Ethel a Hermit?

Ok, ok, that’s what I say . . .

I’m a ‘hermit’, I told myself as I locked my doors, doffed my shoes, loosened my belt, turned off all phones, put my pets outside, and sank to my meditation cushion, happy in my isolation from all busy-ness of the outside world.

My every muscle relaxed.  My cushion fit the contour of my body, and I settled in for a long meditation. The day was mine and I was thankful for such bounty.

But as I reached for the Silence, a sliver of a thought entered my mind, reminding me of all the labor needed to give me ‘my’ cushion.  The hundreds who planted and cared for the cotton fields, harvested the bolls, by hand or machine, worked in mills to make the cloth and then those needed to design and make the cushion.  That still left those who worked to package and ship the cushions to stores to be sold, marketed, and finally there for me to buy.

The profusion of ideas from that one thought held me in an unyieldingly grip, and my mind continued to open and I saw that, ‘hermit’ or not, every morsel of food I eat is also the work of many hands, from tilling, planting, watering, weeding, harvesting and then to the market.  Others, certainly not a ‘hermit’ even such as I call myself, took that produce, whether grain, livestock, eggs, juice, or coffee, to process it into edible forms so that I could have my daily bread and my solitude.

I am a ‘Hermit’? I asked myself, and knew my meditation was shattered.  Though my body is isolated, I saw that the infrastructure needed to permit my eremitic life, requires many people to maintain. The Ravens which fed the Biblical hermits of centuries ago come nowhere near my door today.

I pondered over the multitude of people needed to simply activate the electrical On/Off switches throughout my home, and in my isolation, how carelessly I had accepted them. I thoughtlessly use my car with no thought of the long odyssey behind the gas and oil, as well as the roads, freeways and sidewalks I use.

My thoughts sped on and I saw how water ‘automatically’ comes to my kitchen, bath and garden with nary a thought of ‘how’, and was reminded of the many unseen hands that make it so, and also those who pick up my garbage or manage the wonderful underground systems of drainage and sewers.

Armies of non-hermits, toil in many horrible, mean, strict, and sometimes illegal places, for long hours, and low pay, to give me the freedom to choose my solitude.  What horrible price is often needed to sustain my ‘hermit’ life style, and I was suddenly confronted with the terrifying thought of, “What have I ever done to deserve such bounty?”

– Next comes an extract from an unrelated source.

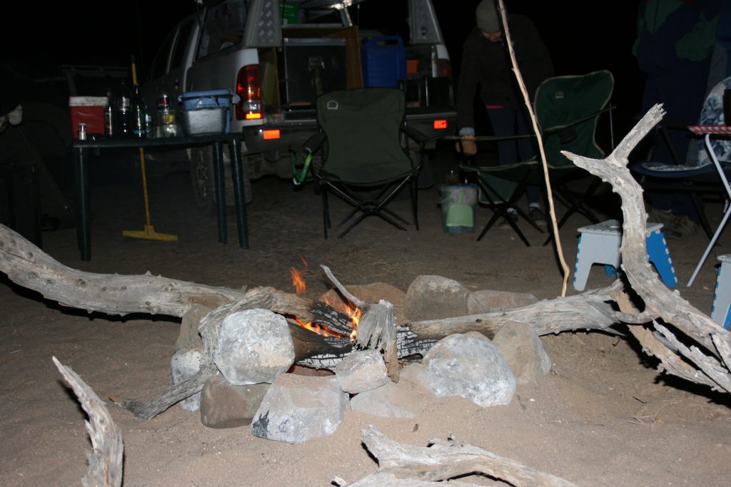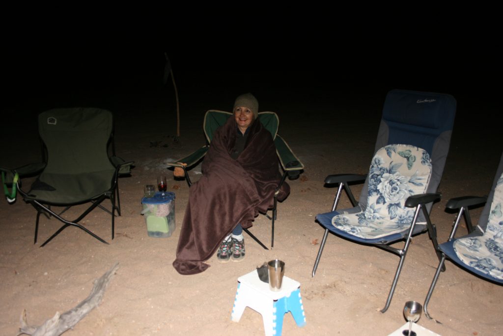 Ons sit tot laataand om die kampvuur en gesels, kan nie uitgepraat raak oor die ervaring tot nou toe nie. Dit het lekker koud geword en ons gooi nog hout op die vuur vir ‘n bietjie hitte – Elsa het haarself in ‘n kombers toegerol.

In a world entirely held together by Reciprocal Maintenance, I was faced with the sobering question of, “What am I doing to balance the toil and labor of others which I, so thoughtlessly, have used for support?”  And was startled to be aware of how my wayward mind had ‘taken over’ my meditation.

For even as I quelled in my shame, that sliver of thought opened again, and I knew that it wasn’t my wayward mind, but that some Hidden Power had tapped me on my shoulder to show me that no matter that we all walk different pathways, that God can be served in any pathway given us.

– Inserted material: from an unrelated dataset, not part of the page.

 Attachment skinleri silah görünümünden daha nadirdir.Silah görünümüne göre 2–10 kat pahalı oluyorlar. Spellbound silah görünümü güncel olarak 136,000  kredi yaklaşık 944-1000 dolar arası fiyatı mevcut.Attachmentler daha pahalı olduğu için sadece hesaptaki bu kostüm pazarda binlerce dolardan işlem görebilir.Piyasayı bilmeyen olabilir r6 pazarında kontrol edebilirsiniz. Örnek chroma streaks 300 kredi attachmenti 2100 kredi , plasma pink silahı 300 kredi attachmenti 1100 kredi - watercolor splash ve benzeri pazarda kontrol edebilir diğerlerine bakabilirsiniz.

And, almost with a chiding smile, I was shown that the Meditation was not mine.  Mentally I have said “My meditation.  My life of solitude.  My home. My cushion.  My thoughts. My time.”  Everything said or thought, was mine, mine, mine, mine.  The smile gently showed me it was God’s meditation.  God’s life.  God’s time.  God’s cushion.  God’s relaxation.  And whether God’s time is spent in the ‘counting house’, a monastery Cell, prison cell, or loved home, matters naught, for, even as we strive to serve Him, it always was and always will be, Service to God. 

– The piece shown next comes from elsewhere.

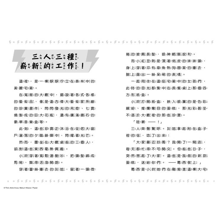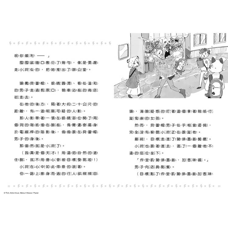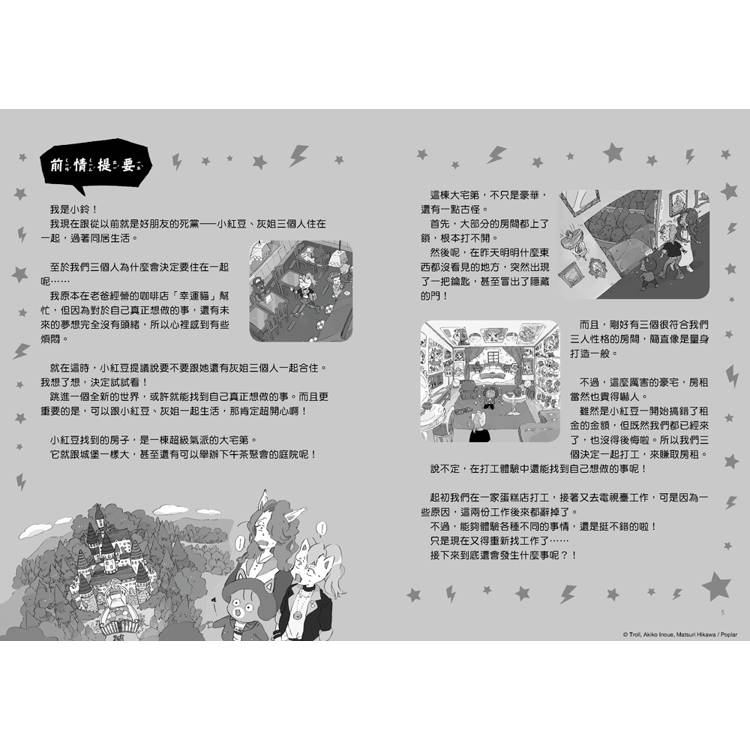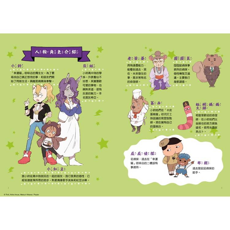 ◎由【屁屁偵探系列】作者Troll與優秀的編劇、插畫家全新打造的故事小說系列:主角是帥氣的貓小鈴(「幸運貓」咖啡店店長的獨生女)以及她的兩位好友小紅豆和灰姐;形式是以小學中、高年級為核心讀者的圖文小說,內文加注音。

I was shown there is no difference, and then, as I sat on God’s cushion, God’s peace, and God’s meditation in God’s time, was given me, and  I knew that workers, on every or any pathway, relaxed and were blessed.  There is no difference, and I Thank God for showing me that nothing is mine.  It’s All God’s, and so am I.

One thought on “Ethel a Hermit?

  1. Great Blogg – I agree 110%. We just need to be more grateful for all the things and people around us.